The present work included 20 cases of PR (17 classical PR, 3 PR inversa), 15 patients with healed PR and 15 control healthy subjects.
All groups were subjected to HHV-7 DNA detection in lesional, non-lesional, PBMC and plasma samples using n-PCR with specific primers for HHV-7 DNA sequence.
We found that 80% of patients group had positive result for HHV-7 DNA in their lesional tissues and 75% in the non-lesional tissues wheares non of the control and healed PR group were positive.
These results showed a highly significant statistical difference between the patients group and the healed group on one hand and patients group and control group on the other hand, as regards HHV-7 DNA detection in tissues.
Also, we found that 85% of the patients group had positive results for detection of HHV-7 DNA in their plasma samples whereas HHV-7 DNA was not detected in all plasma samples of the healed PR group and control group. These results showed a highly statistically significant difference on comparing patient group with healed PR group and control group.

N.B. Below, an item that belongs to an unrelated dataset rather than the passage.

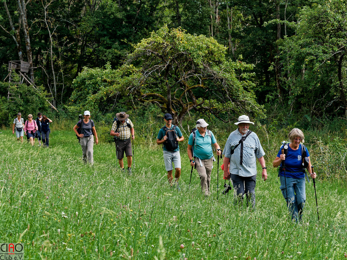 14 CIAO'ler und 1 Gast trafen sich am 17. August bei sommerlicher Morgenkälte und leichtem Wind um 09:30 Uhr am Gairenbuckel unterhalb des Wasserberges. Die etwas anspruchsvolle, bevorstehende Wanderung versprach schöne Aussichten und eine blühende Flora in dem Naturschutzgebiet des Haarberges.

HHV-7 DNA detection in blood samples showed no significant difference suggesting that HHV-7 DNA detection in tissues and plasma by n-PCR technique has a higher significance than detection in blood that require a quantitative assay for diagnosis of active HHV-7 replication.
All PR cases with prodromal symptoms were positive for HHV-7 DNA while PR cases without prodromal symptoms showed negative detection of HHV-7 DNA in different samples.
All recurrent PR cases were positive for HHV-7 DNA by n-PCR in different samples but quantitative viral assay in blood sample must be done.
Finally, our study found that the cause of recurrent PR may be due to reactivation of HHV-7.
In Conclusion:
The results of our study suggest that HHV-7 play; both in adults and in children an etiological role in PR. All cases of PR plasma showed a positive detection of HHV-7 DNA by n-PCR which represent a marker of active or productive infection while blood samples need further investigation (quantitative assay) to differentiate between latency (clinically silent) and active (clinically manifest) viral infection.